I don’t know about you, but I have one “Travel” folder for all my work-related trips. All my travel authorizations are in there, and all my vouchers are there. If I wanted to revise the voucher for the Boston trip, I’d flip back until I found the “Travel” folder, pull it out, update the file, and refile it in the front. Nothing ever goes into the back.

Purging

File systems need to be purged regularly. Especially active files. Projects close, stuff goes out of date, assignments change. I suggest going through the system once a month.

Start at the back. Ask yourself “Pitch, Archive, or Keep”.

Pitch: Get rid of it if you don’t need it. Get rid of it if you can find it on-line. Get rid of it if somebody else’s problem now. In that case, you might want to “gift” your file onto some other sucker… er, coworker.

Archive: Can you put it into inactive storage? I keep all income tax filings, but I don’t need to keep IRS forms from 2005 in my active files.
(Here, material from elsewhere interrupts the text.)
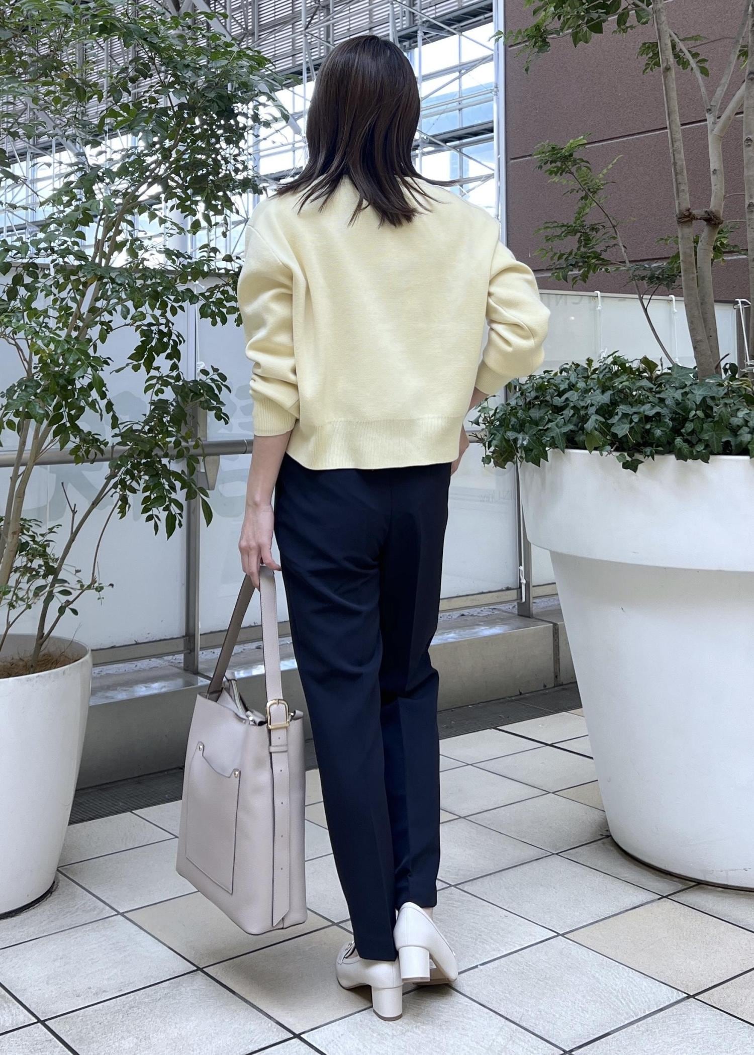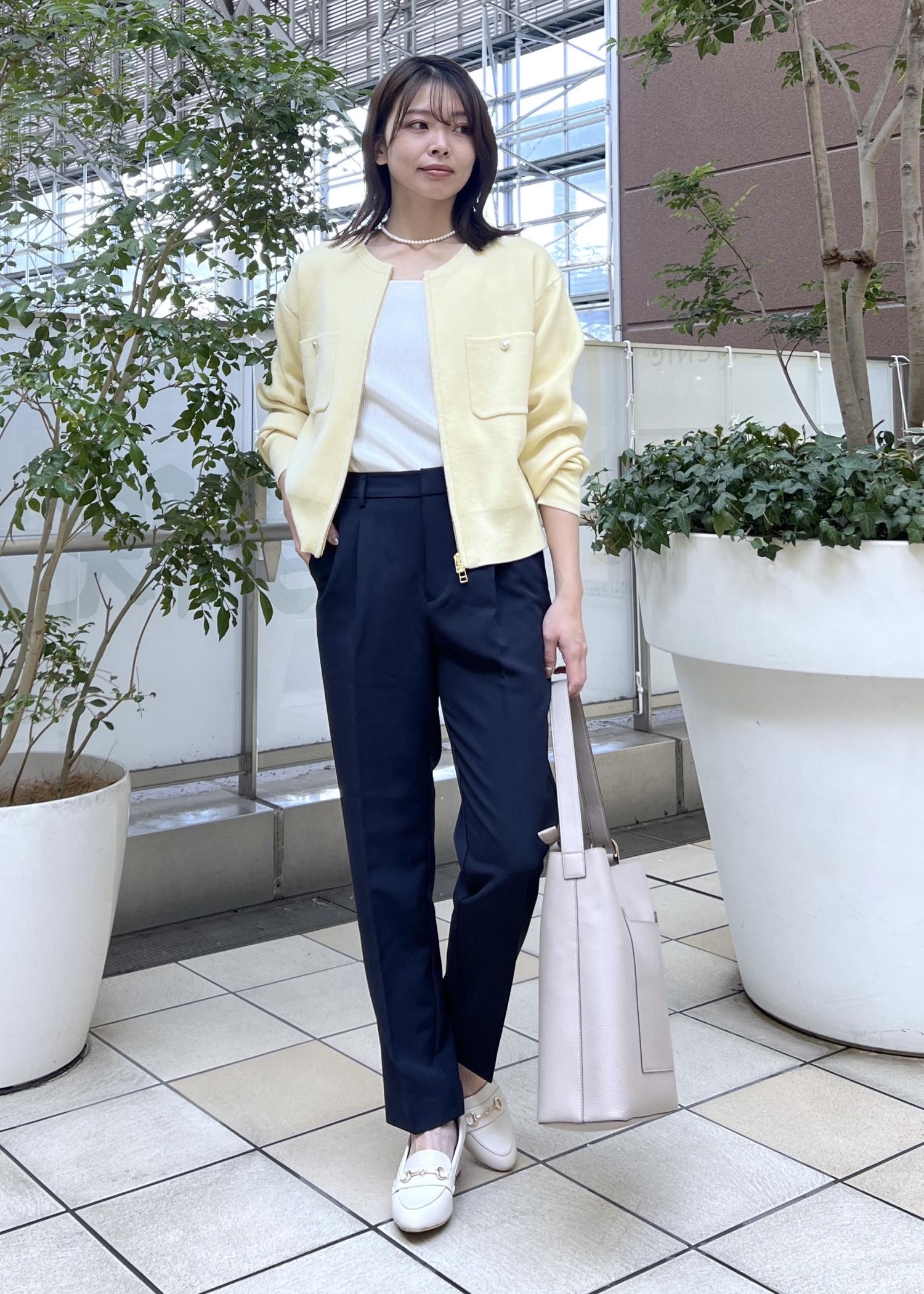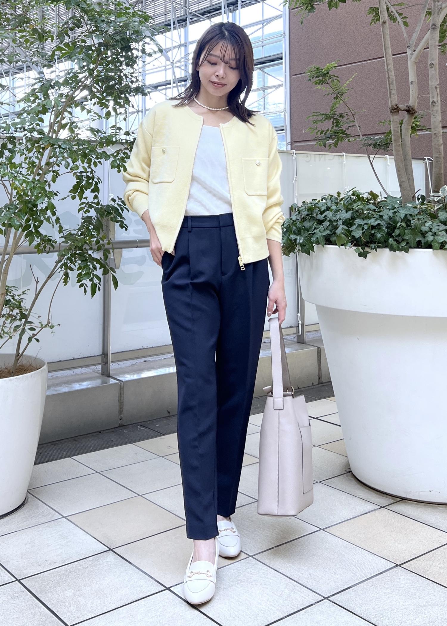 イエローには引き締めてくれるネイビーを合わせて、大人のきれいめスタイルの完成です◎。

You might have important projects you don’t want to throw out, but you don’t mind going down to the basement to find them. Get them out of your system. The Noguchi system calls these types of files “Holy files” in some sort of Shinto-inspired office-kami mysticalism; I just call them archives.

Keep: It’s okay to keep it. Even if you use it rarely. I have a file of “Management Directives” that gets updated and reviewed occasionally. When I need to refer to it, I figure it’s in the back half (unless I recall touching it recently).

You might also find duplicate folders. That’s not a big deal when you’re going through your files monthly. You might have two “Phone Bill” folders. Use this time to marry them and put the combined folder in the front. Nothing ever goes into the back.

Keep the drawer no more than 3/4-ths full. If you can’t file new things, the system breaks down.

Always keep a supply of fresh (or recycled) folders nearby. If you can’t file new things, the system breaks down.

Implications

Eventually, the front is full of stuff you use all the time and the back is full of stuff you never use. Everything in the middle is in roughly chronological order.

Retrieval is faster because the file you often use is easy to find. The file you rarely use takes longer to find, but that’s okay, because you rarely use it.

The key folders I use all the time are usually within the first few inches of the cabinet.

This is one system where special folders are useful. My “Upcoming Travel” stays in a black nylon zippered folio. It’s immediately visible when I open the drawer and I just grab it and go when I travel. I use a clear blue sheet protector to hold all the “Phone Lists” I have. It seldom gets out of the first inch of the file drawer.

I do the same thing with my closet. Laundered clothes go in the left hand side. The stuff on the the right I never wear. That stuff gets thrown out when the closet gets full.